§ Exercise description:
Return the entries below word for word. No picture belongs in the copy.
Top of Material supplied
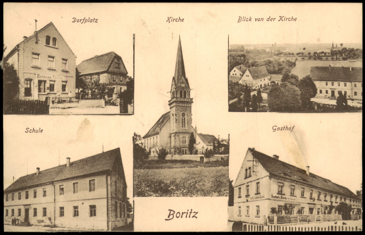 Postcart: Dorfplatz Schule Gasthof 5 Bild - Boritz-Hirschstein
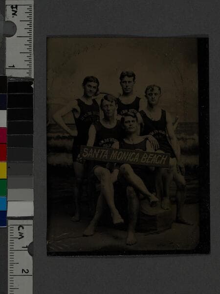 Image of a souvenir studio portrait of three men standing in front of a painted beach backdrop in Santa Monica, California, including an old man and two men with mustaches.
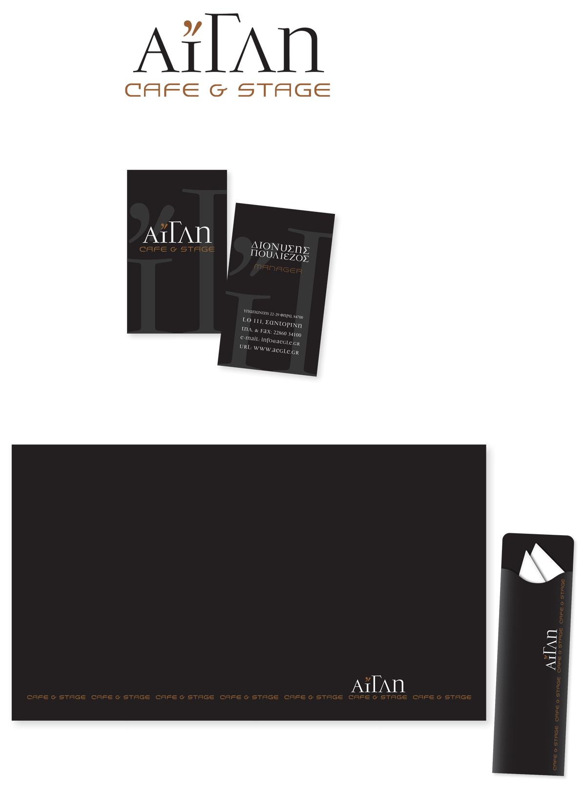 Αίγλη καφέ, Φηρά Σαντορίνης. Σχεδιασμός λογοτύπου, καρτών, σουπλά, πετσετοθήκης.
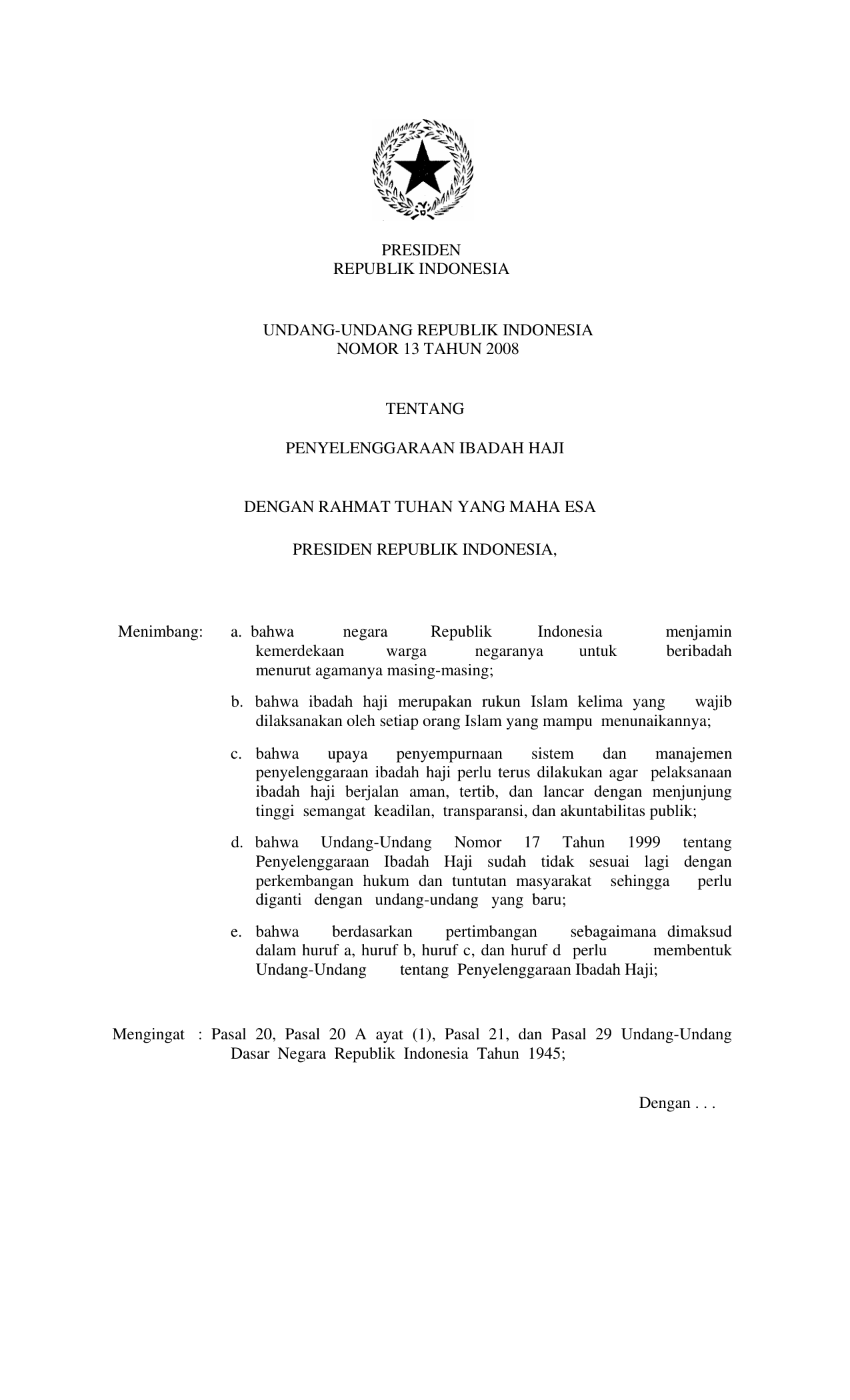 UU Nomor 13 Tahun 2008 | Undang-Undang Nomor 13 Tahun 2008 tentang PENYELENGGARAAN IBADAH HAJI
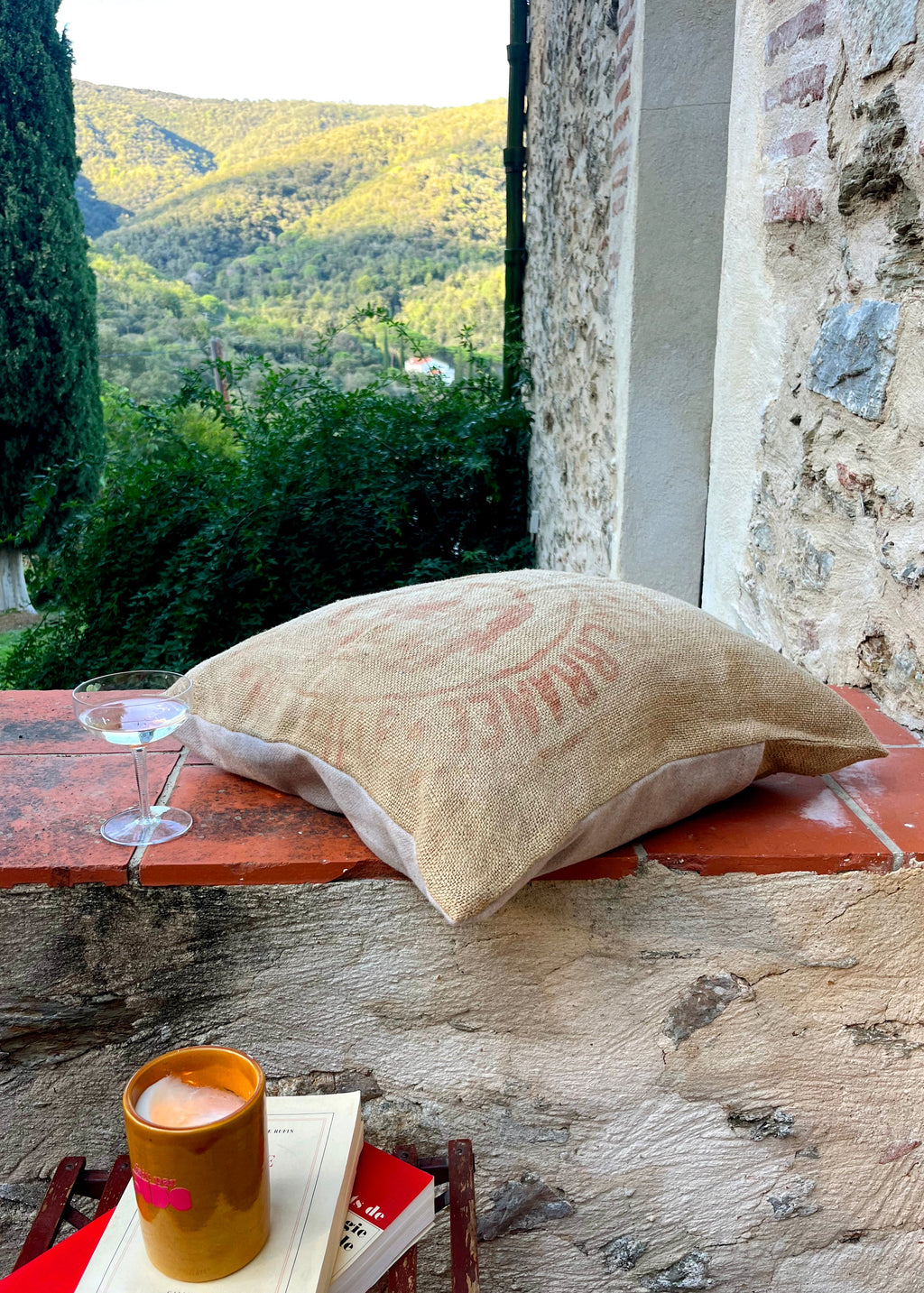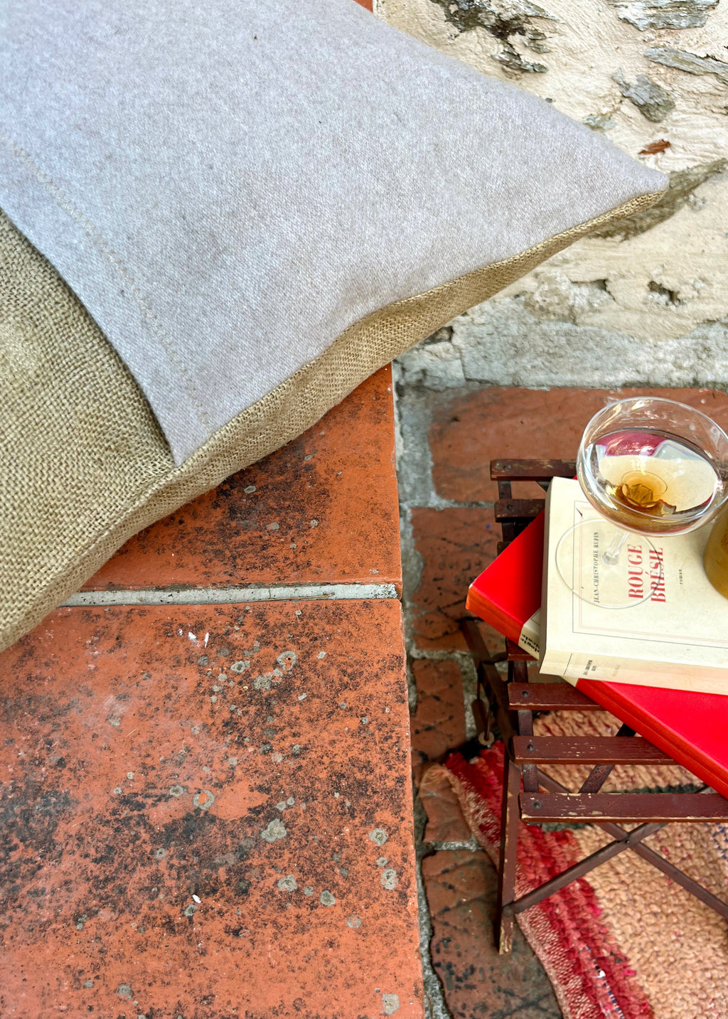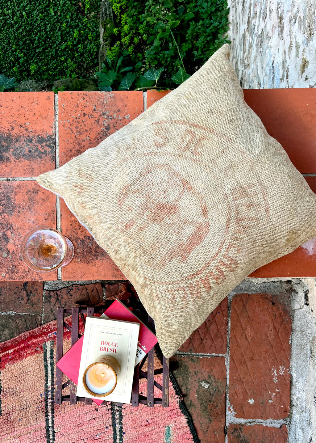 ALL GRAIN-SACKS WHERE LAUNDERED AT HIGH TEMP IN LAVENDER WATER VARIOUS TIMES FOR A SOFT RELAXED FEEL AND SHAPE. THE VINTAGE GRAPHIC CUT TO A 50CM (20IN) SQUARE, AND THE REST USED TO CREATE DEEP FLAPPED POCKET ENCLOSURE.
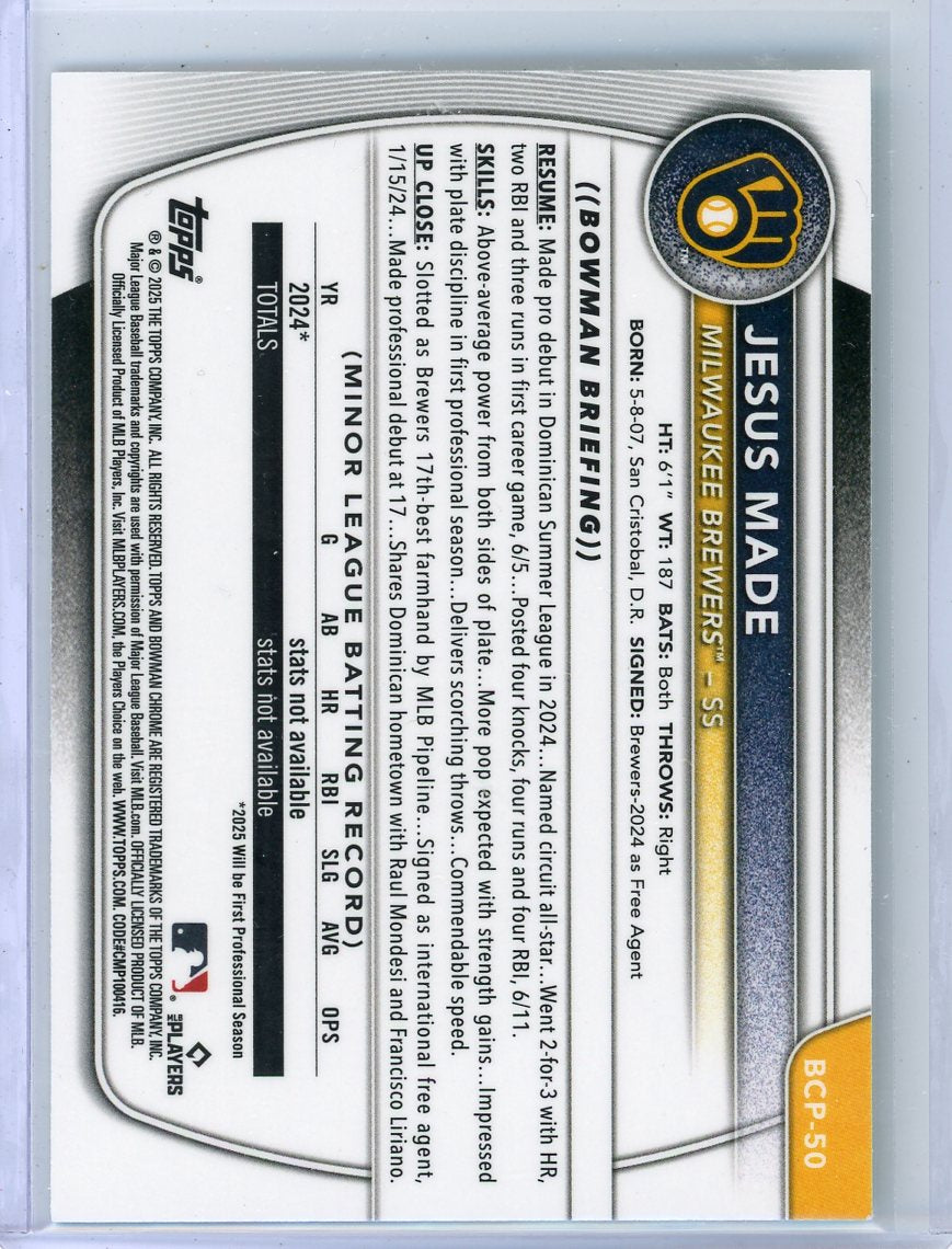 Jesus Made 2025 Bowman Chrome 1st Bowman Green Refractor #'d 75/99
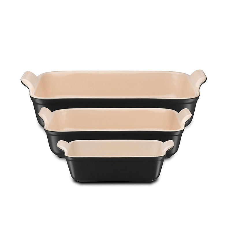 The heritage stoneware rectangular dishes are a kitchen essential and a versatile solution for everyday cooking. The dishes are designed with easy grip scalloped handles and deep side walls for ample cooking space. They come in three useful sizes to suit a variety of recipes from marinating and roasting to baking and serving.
Bottom of Material supplied
§ Solution for this problem:
 Postcart: Dorfplatz Schule Gasthof 5 Bild - Boritz-Hirschstein
 Image of a souvenir studio portrait of three men standing in front of a painted beach backdrop in Santa Monica, California, including an old man and two men with mustaches.
 Αίγλη καφέ, Φηρά Σαντορίνης. Σχεδιασμός λογοτύπου, καρτών, σουπλά, πετσετοθήκης.
 UU Nomor 13 Tahun 2008 | Undang-Undang Nomor 13 Tahun 2008 tentang PENYELENGGARAAN IBADAH HAJI
 ALL GRAIN-SACKS WHERE LAUNDERED AT HIGH TEMP IN LAVENDER WATER VARIOUS TIMES FOR A SOFT RELAXED FEEL AND SHAPE. THE VINTAGE GRAPHIC CUT TO A 50CM (20IN) SQUARE, AND THE REST USED TO CREATE DEEP FLAPPED POCKET ENCLOSURE.
 Jesus Made 2025 Bowman Chrome 1st Bowman Green Refractor #'d 75/99
 The heritage stoneware rectangular dishes are a kitchen essential and a versatile solution for everyday cooking. The dishes are designed with easy grip scalloped handles and deep side walls for ample cooking space. They come in three useful sizes to suit a variety of recipes from marinating and roasting to baking and serving.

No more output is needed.